[Paper Review] ES-MemEval: Benchmarking Conversational Agents on Personalized Long-Term Emotional Support
This paper introduces ES-MemEval, a benchmark for evaluating long-term memory in personalized emotional-support dialogues, plus EvoEmo, a multi-session dataset; it analyzes open-source, commercial, and retrieval-augmented LLMs across QA, summarization, and dialogue generation tasks.
Large Language Models (LLMs) have shown strong potential as conversational agents.
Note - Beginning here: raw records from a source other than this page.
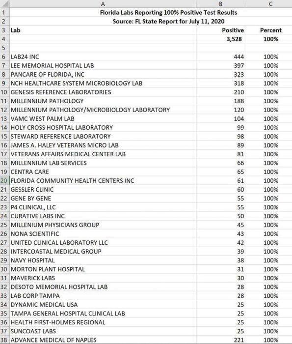 Journalists scouring the reams of daily data for discrepancies have apparently happened upon bombshell they had been hoping for: Orlando Health has just confirmed that some of the data it shared over the weekend were wrong, after journalists reported more than 50 labs showing 100% positivity rate, or roughly around there. One local Fox affiliate looked into the numbers and contacted a few of the labs to confirm that their internal data matched the public data released by the state.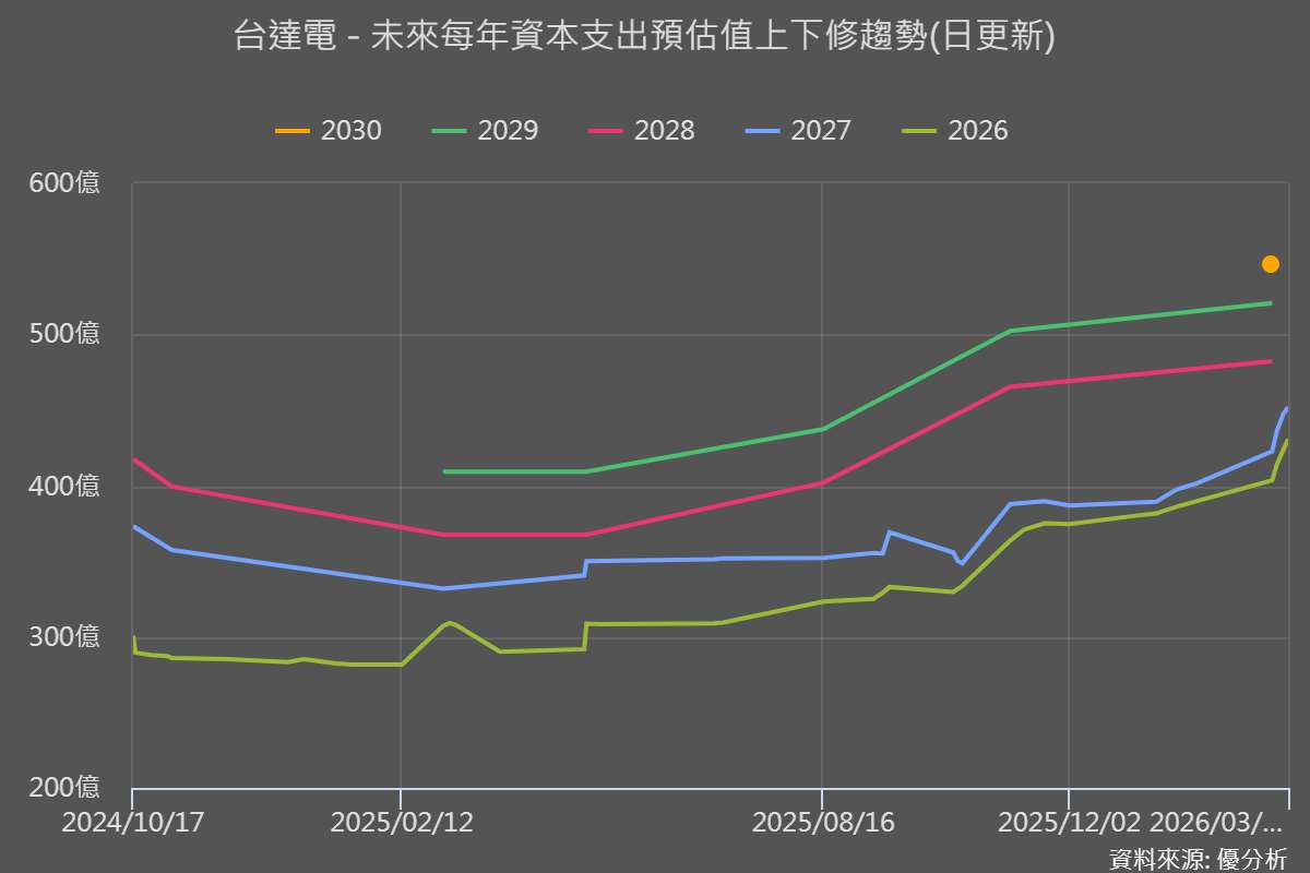 同時,2025 年資本支出達 461 億元,年增約 38%,創新高;2026 年將略高於 2025 年,主要投入 AI 電源、液冷、HVDC 與相關產線。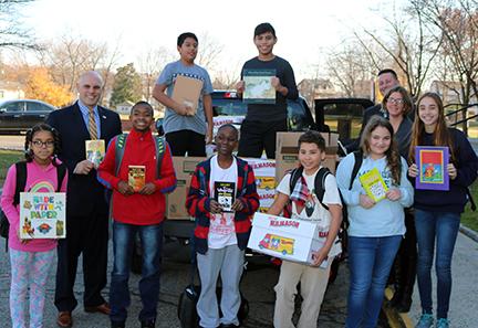 AHHS Principal Dr. Marc Baiocco with students who participated in the successful book drive. |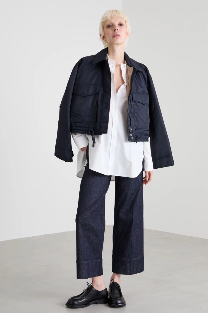 Machine wash cold delicate cycle; do not bleach; do not tumble dry; line drying in the shade; cool iron; professionally dry clean perchloroethylene - mild process.; wash the garment while it is fastened.; take care when wearing light-coloured clothes or accessories because, with the heat of the body, the indigo fabric , may fade and stain. be careful while sitting on light coloured surfaces, especially if wet. wash garments separately and always turned inside out. hang the garment turned inside out by avoiding to expose it to direct sunlight. avoid removing isolated stains.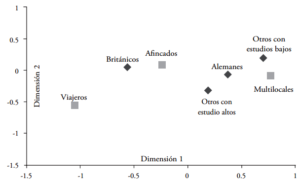 La gráfica 1 muestra cómo se distribuyen los distintos grupos en un plano de dos dimensiones, estando más cerca entre sí aquellos que son similares o están más relacionados entre ellos. La posición de cada uno de los grupos sobre la dimensión 1 indica que los británicos se distancian del resto de los grupos por país de nacimiento, puntuando en el sentido opuesto. Por tanto, los alemanes y el resto de retirados formarían un subconjunto aparte. Los tres grupos resultantes de las variables del comportamiento multilocal registran puntuaciones alejadas entre sí en el mismo factor, por lo que representarían realidades migratorias diferenciadas. Británicos y retirados afincados tienen puntuaciones similares (negativas) dentro de la dimensión 1, por lo que guardarían una relación más estrecha, mientras alemanes y el resto se relacionarían con los retirados multilocales.

Yet, their effectiveness remains limited by deficiencies in robust long-term memory, particularly in complex, long-term web-based services such as online emotional support. However, existing long-term dialogue benchmarks primarily focus on static and explicit fact retrieval, failing to evaluate agents in critical scenarios where user information is dispersed, implicit, and continuously evolving. To address this gap, we introduce ES-MemEval, a comprehensive benchmark that systematically evaluates five core memory capabilities: information extraction, temporal reasoning, conflict detection, abstention, and user modeling, in long-term emotional support settings, covering question answering, summarization, and dialogue generation tasks. To support the benchmark, we also propose EvoEmo, a multi-session dataset for personalized long-term emotional support that captures fragmented, implicit user disclosures and evolving user states. Extensive experiments on open-source long-context, commercial, and retrieval-augmented (RAG) LLMs show that explicit long-term memory is essential for reducing hallucinations and enabling effective personalization. At the same time, RAG improves factual consistency but struggles with temporal dynamics and evolving user states. These findings highlight both the potential and limitations of current paradigms and motivate more robust integration of memory and retrieval for long-term personalized dialogue systems.
Motivation & Objective
- Motivate the need for robust long-term memory in emotional-support agents beyond static retrieval.
- Define five core memory capabilities (information extraction, temporal reasoning, conflict detection, abstention, user modeling) in long-term ES scenarios.
- Propose ES-MemEval as a three-task benchmark (QA, summarization, dialogue generation) to evaluate memory capabilities.
- Provide EvoEmo as a multi-session dataset capturing evolving user states for personalized long-term ES.
- Offer empirical insights into strengths/limitations of open-source, commercial, and RAG LLMs for long-term personalization.
Proposed method
- Propose three benchmarking tasks (QA, summarization, dialogue generation) to probe five memory abilities.
- Construct EvoEmo by building 18 virtual users with event timelines and multi-session sessions generated via GPT-4o and human validation.
- Evaluate models across open-source long-context, commercial, and retrieval-augmented configurations using standardized metrics (F1, BERTScore, LLM-as-Judge, ROUGE, event-based metrics, and observation-based ratings).
- Use session-level retrieval with a dense retriever (bge-m3) over a FAISS index to supply memory for RAG configurations.
- Analyze retrieval granularity (turn, round, session) and context length effects on QA, summarization, and dialogue generation.

Experimental results
Research questions
- RQ1How well do LLMs maintain and utilize long-term memory across evolving, implicit user disclosures in ES scenarios?
- RQ2What are the relative strengths and weaknesses of open-source, commercial, and retrieval-augmented models for long-term ES tasks?
- RQ3To what extent do memory capabilities (IE, TR, CD, Abs, UM) predict performance in QA, summarization, and dialogue generation?
- RQ4Does retrieval augmentation improve factual consistency and personalization without destabilizing temporal dynamics?
- RQ5What retrieval granularity and context length best support long-term emotional support dialogues?
Key findings
- Explicit long-term memory is essential to reduce hallucinations and enable personalization.
- Retrieval-augmented (RAG) setups improve factual consistency but struggle with temporal dynamics and evolving user states.
- Personalization strongly correlates with long-term memory, while emotional support benefits from general strategies.
- Session-level retrieval best captures evolving user information and improves memory-aligned responses over other granularities.
- RAG narrows the gap between open-source and commercial systems by enhancing memory alignment of generated responses.
- Smaller long-context models degrade with extra-long inputs, highlighting the need for memory retrieval integration.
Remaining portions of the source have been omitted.